Share your dilemmas and get honest opinions from other Mumsnetters.

OP posts:
Maddy70 · 03/09/2023 08:56

Newnamehiwhodis · 03/09/2023 08:18

I do not feel in the least bit sorry for men.

You sound delightful

Cadenza12 · 03/09/2023 08:57

I guess that as you get on in life you reflect on the opportunities you've had, or missed for whatever reason. In life you don't get everything and there's no way of knowing what life would have been like if different paths were taken. You've more chance of having children if you start young but then you'll find that you give up other things. This guy didn't think about children until he was in his 40s so would have needed someone probably 10 years younger. Narrows the field. Maybe better to count the good in life that you have rather than focus on what you may or may not have missed.

Maddy70 · 03/09/2023 08:58

Riverlee · 03/09/2023 08:34

It’s sad for him and for any person, male or female, that doesn’t have children for any reason.

Really? Some people choose not to have children and it is not sad,

It is desperately sad for both men and women who regret not having children or can't for whatever reason

tokenname · 03/09/2023 08:59

If children were a low priority for him before then why is he surprised and sad he doesn't have them now?
Sounds to me like he's just scared of aging and loneliness. There are other ways to combat that apart from relying unfairly on your kids to look after you.
Something a friend to me said struck a chord when I was saying to him that I've struggled long and hard with the debate whether to have kids myself - "if you really wanted them you'd have had them by now". He's right, I would have prioritised seeking men who wanted a family and put my career/lifestyle second place if I was really driven to have them.

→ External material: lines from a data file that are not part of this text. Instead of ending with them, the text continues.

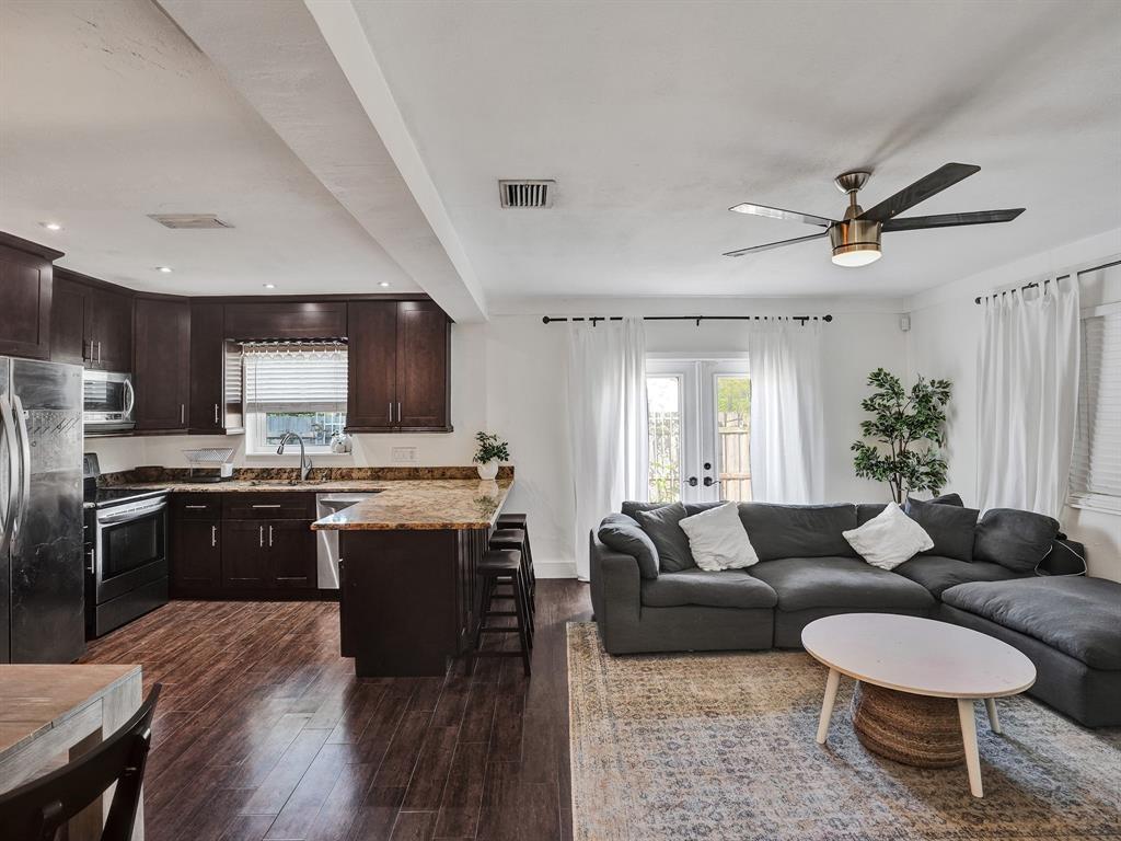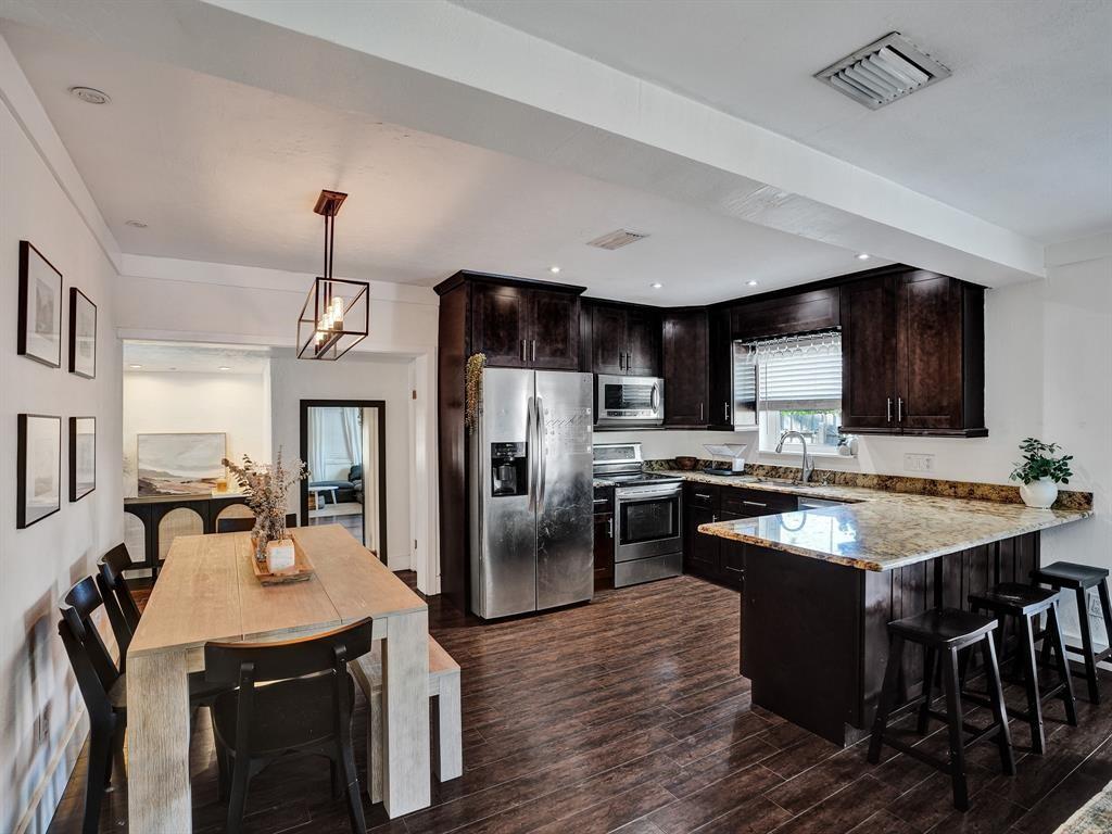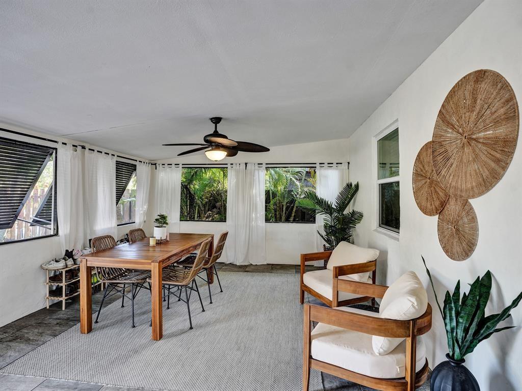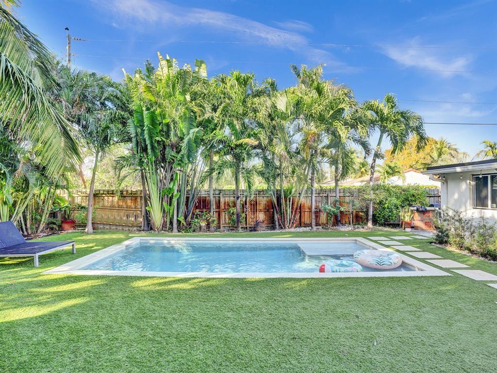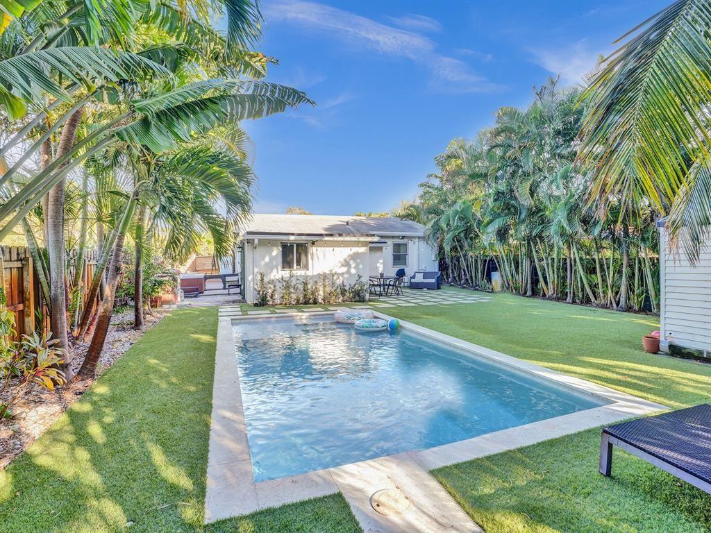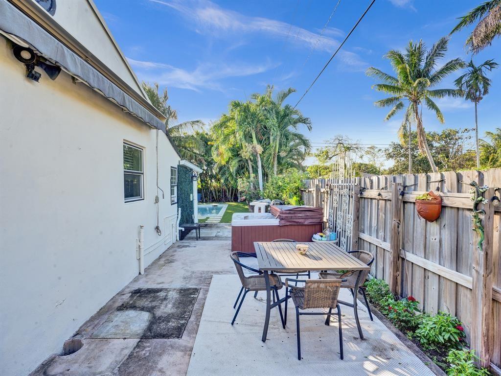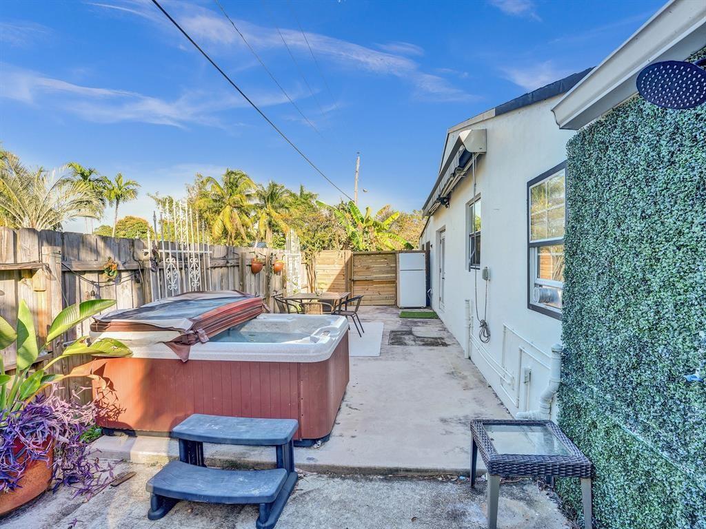 This is a 3-bedroom, 2-bathroom POOL HOME with a tropical oasis in the fenced-in backyard, complete with a hot tub. It features a private covered front patio ideal for entertaining, an updated kitchen with granite countertops, soft-close cabinets, and stainless steel appliances. The bathrooms have been updated, and the home includes porcelain tile throughout. The third bedroom is versatile and can serve as an in-law suite. Additional highlights include impact windows, updated electrical, and a shed for extra storage. The property is conveniently located near Wilton Manors, downtown, beaches, shops, restaurants, and the airport.
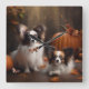 Horloge Carrée Papillon Puppy Automne Citrouille de plaisir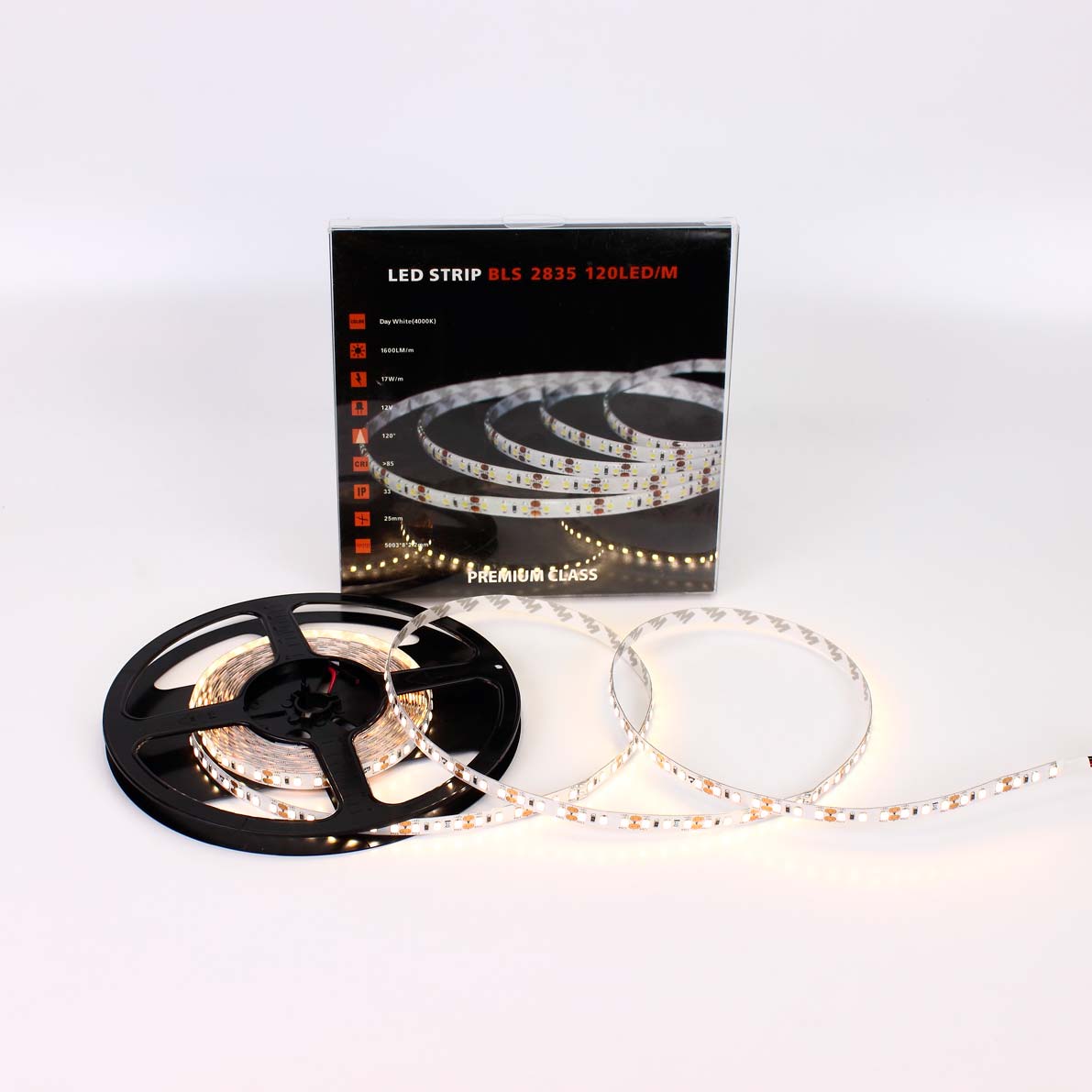 Светодиодная лента премиум класса. Тип светодиода 2835, 120 светодиодов на метр (600шт на 5 метров), угол свечения 120 градусов, цвет свечения дневной белый 4000K. Напряжение 12V, мощность 85W на 5 метров(17W на метр), размеры 8x2,2x5003мм. В ленте используются светодиоды EPISTAR световой поток с 1 светодиода 14Lm. Световой поток на 5 метров 8000Lm. Класс защиты IP33. Катушка 5 метров. Рекомендуется устанавливать на теплоотвод для лучшего охлаждения. Размеры упаковки 180x180x20мм, Вес 200г

willWillSmithsmith · 03/09/2023 09:01

Hmm, it just smacks of some older men thinking they can have the pick of the fertile pool of women any time they want. Well no mate you can’t.

RexWillKillYou · 03/09/2023 09:06

Lehenaghmore · 03/09/2023 08:49

Well, Nurden is honest about why he doesn’t have children — ‘complacency, bad luck, bad judgement’. That I appreciate.

Far less keen on the ‘when I’m older I might find myself entirely alone’ stuff.

But nobody would relish being alone in old age, with your friends, siblings and acquaintances one by one dropping off. And fewer people to grieve with.

I can’t think that “not being lonely” is any worse a reason to have kids than “well thats just what everyone did” or “I got carried away and your mother wouldn’t have an abortion”

BalconyPlant · 03/09/2023 09:06

A lot of women will not feel like sympathising because from being on dating apps it’s obvious men choose to leave it quite late, then look for a younger fertile woman to have kids with.

When I was dating in my late 30’s I had to rule out tons and tons of men from 35-55 because they all had ‘want kids’ on their profile and I can’t have more children. This was very different to when I was dating in my 20’s and I had a lot more options myself, men have options of fertility for a far longer period of time.

i have sympathy for infertility or health problems, this article might help men who are afraid to commit that they could address this before they regret it but ultimately they could still have kids, even in their 60’s if they wanted to?

It’s not like females who lose fertility as they age so it’s not quite the same situation

Cakesandbabes · 03/09/2023 09:06

Lehenaghmore · 03/09/2023 08:49

Well, Nurden is honest about why he doesn’t have children — ‘complacency, bad luck, bad judgement’. That I appreciate.

Far less keen on the ‘when I’m older I might find myself entirely alone’ stuff.

But that is what many people keep telling to childfree people. Who will be there for us? Ww are supposed to worry about that apparently so not surprised he mentions that

Alycidon · 03/09/2023 09:08

This bit rings false:

"It was not until he was in his early 40s that Nurden started to get broody. But by that point, he discovered, women of a similar age had already had children, if they were able or wanted to."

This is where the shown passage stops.